Differences in drug high over time (Weeks 1–4) and between NTX doses (192 mg vs. 384 mg) in subjects receiving heroin 25 mg were statistically significant (Fig. 1); we evaluated whether these statistically significant differences over time and in doses were CIDs (CID_Week1–4 and CID_Dose, respectively) using anchor- or distribution-based methods (described below).

Anchor-based methods

Two objective measures (break point and retention rate) served as anchors for subjective measure of drug high (Table 1).

Break point

Data from Sullivan [12] were used to anchor ratings of drug high with break point (heroin dose at which the abuser prefers getting heroin over money, in this case, $20). Five heroin-dependent adults received a single 384 mg dose of sustained-release depot NTX (Depotrex^®), and the effects of various heroin doses (0, 6.25, 12.5, and 25 mg) were evaluated for 6 weeks. The entire dose range was tested each week (1 dose tested each day). A statistically significant difference in break point occurred between Weeks 1 and 4 (Fig. 2); therefore, break point was used as anchor for the CID_Week1–4 in Comer [10]. The break point anchor was further justified by a meta-analysis of NTX studies [13].

Fig. 2.

Self-administration of heroin. Self-administration of IV heroin as a function of heroin dose (0–25 mg) and week at baseline (white squares) and following 384 mg depot NTX (black squares). Asterisks indicate a significant difference in mean heroin break point values across heroin dose conditions for a given week versus baseline. The data points for heroin self-administration behavior between Week 4 and Week 1 labeled as “Anchor for CID_Week1–4” indicates that these observations provide clinically relevant justification (anchor) for the parameters chosen in the Comer et al. [10] study. With kind permission from Springer Science + Business Media: Psychopharmacology, Sullivan et al. [12] © Springer-Verlag 2006

Retention rate

Data from Comer [11] were used to anchor ratings of drug high with the rates of retention in treatment. Sixty heroin-dependent adults were randomized to receive placebo, or 192 mg or 384 mg of sustained-release depot NTX (Depotrex ^®) at the beginning of Weeks 1 and 5. The retention rate (percent of randomized subjects still present in the study) was used to evaluate NTX effectiveness. A statistically significant difference in retention rate was observed between 192 and 384 mg doses (Fig. 3); therefore, retention rate was used as anchor for the CID_Dose in Comer [10]. The 95% confidence interval (CI) of the CID was calculated for both anchor-based methods.

Fig. 3.

Treatment retention. Percentage of patients retained in treatment across 8 weeks for the 3 treatment conditions (placebo, 192 mg NTX, and 384 mg NTX). Retention rates were measured twice a week. The data points labeled with the bracket indicate a clinically meaningful difference that provides justification (anchor) for the parameters chosen in the Comer et al. [10] study. Reprinted with permission from Comer et al. [11]

Distributional methods

Studies ALO-01-07-205 and ALO-01-07-106 were used in the distribution-based analysis of CID (Table 1).

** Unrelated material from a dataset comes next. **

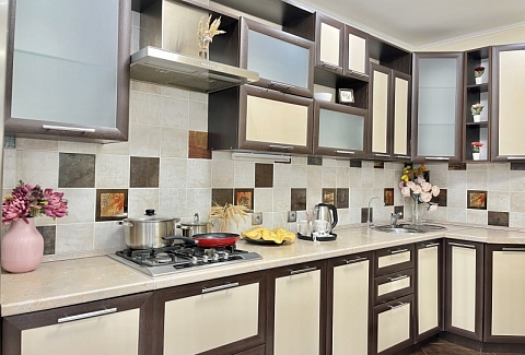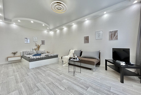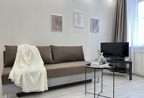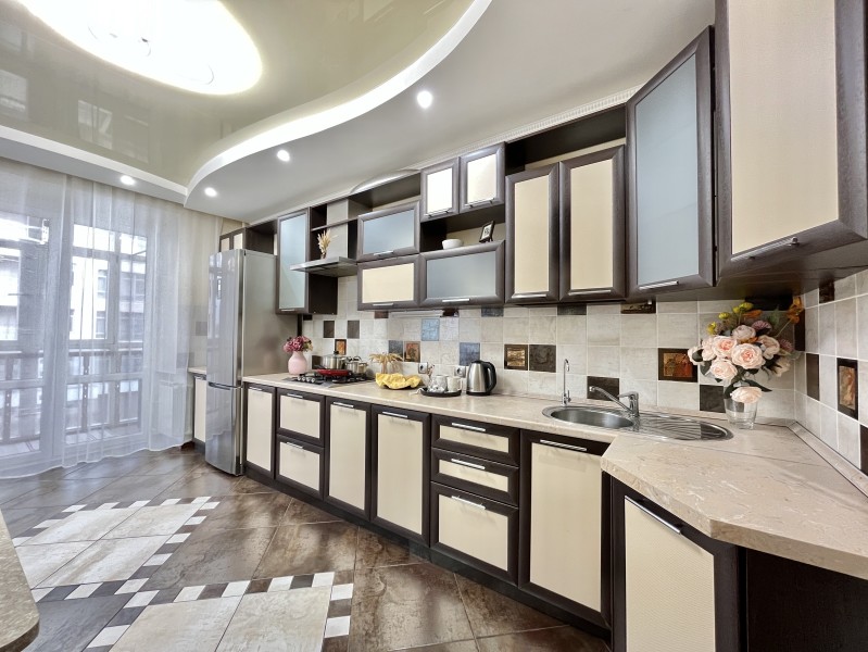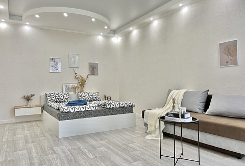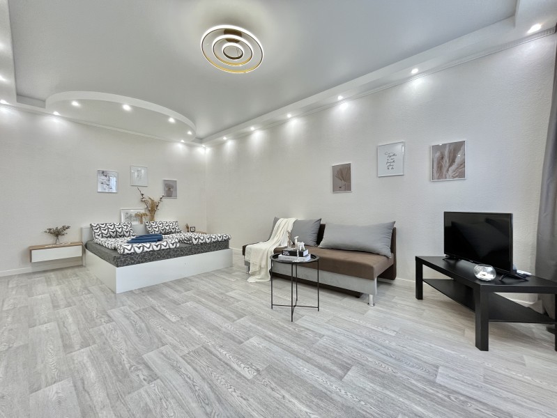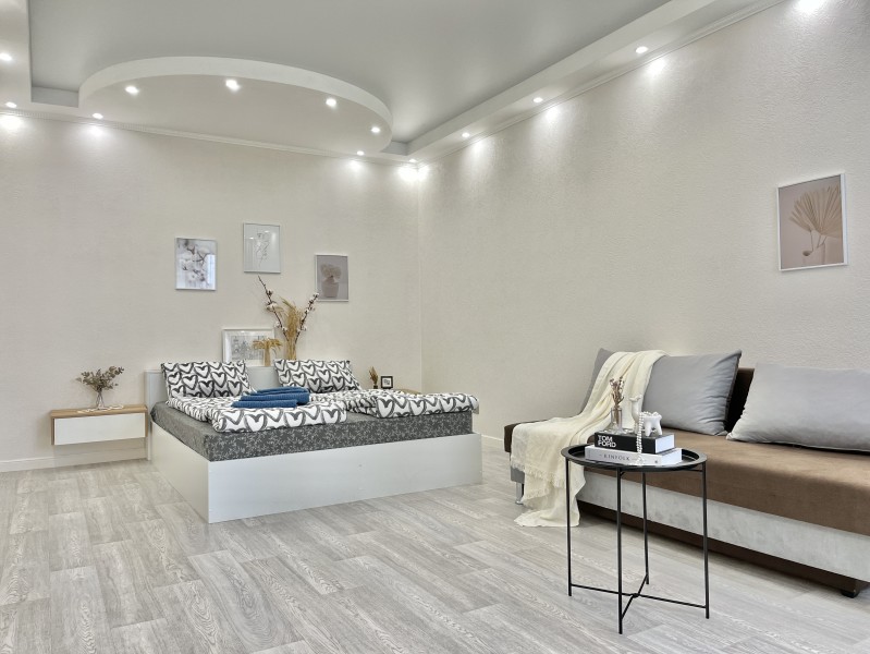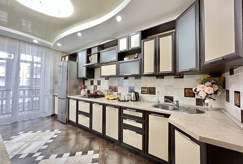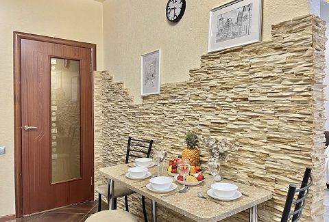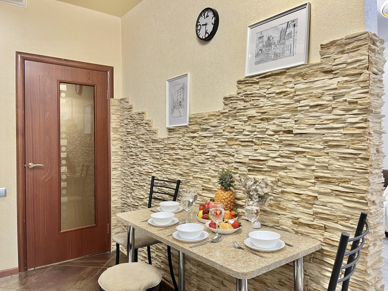 Во дворе имеются детское игровое оборудование и парковка. Поблизости работают церковь, аптека, банковские отделения, многочисленные кафе.Жилая комната предусмотрена для размещения 4 гостей: установлены двуспальная кровать и раскладной диван. Кухня располагает пространством для приготовления еды, обеденной зоной, панорамным остеклением. Прихожая оснащена вместительным шкафом-купе с большими зеркалами. Совмещенный санузел укомплектован ванной, биде, стиральной машиной. Для постояльцев предусмотрено подключение к Wi-Fi.

ALO-01-07-205 (www.clinicalTrial.gov; No. NCT0075-1478). Thirty-two healthy, opioid-experienced, non-dependent adults were enrolled in a randomized, double-blind, crossover study with oral administration of immediate-release morphine sulfate (IRMS), crushed ALO-01, intact ALO-01, or placebo. Measurements of drug high (100-mm VAS) were used for CID evaluations.

ALO-01-07-106. Twenty-nine opioid-experienced, nondependent men were enrolled in a randomized, double-blind, crossover study with IV administration of morphine sulphate (MS) alone, MS + NTX, or placebo. The Drug Effects Questionnaire (DEQ) question, “How high are you now?” (on a 100-mm VAS) was the primary pharmacodynamic endpoint for CID evaluations.

Distributional approaches to clinical significance involve quantifying changes in the distribution of measure (e.g., drug high) upon intervention (e.g., administration of NTX). Usually, changes ≥ 0.5 standard deviation (SD) [14] or 1 standard error of the mean (SEM) [15] between 2 interventions are considered clinically meaningful. We used both pooled SD [14] and pooled SEM approaches [15].

The pooled SD (S_p) for various conditions in ALO-01 studies used the formula: $S_p=\sqrt{\frac{{\sum }_{i=1}^k\left((n_i-1)s_i^2\right)}{{\sum }_{i=1}^k(n_i-1)}}$, where n is sample size and s is variance. One-half of the pooled SD (CID_{½ Sp}) was then compared with the means for the pairwise comparisons of interest.

The pooled SEM method was adapted from Wyrwich [15] using the formula: $s_{{\overline{x}}_1-{\overline{x}}_2}=\sqrt{\frac{S_{p^2}}{n_1}+\frac{S_{p^2}}{n_2}}$, extended to compare several conditions. The process described above was used to calculate differences between group means using the pooled SEM to obtain CID_SEM.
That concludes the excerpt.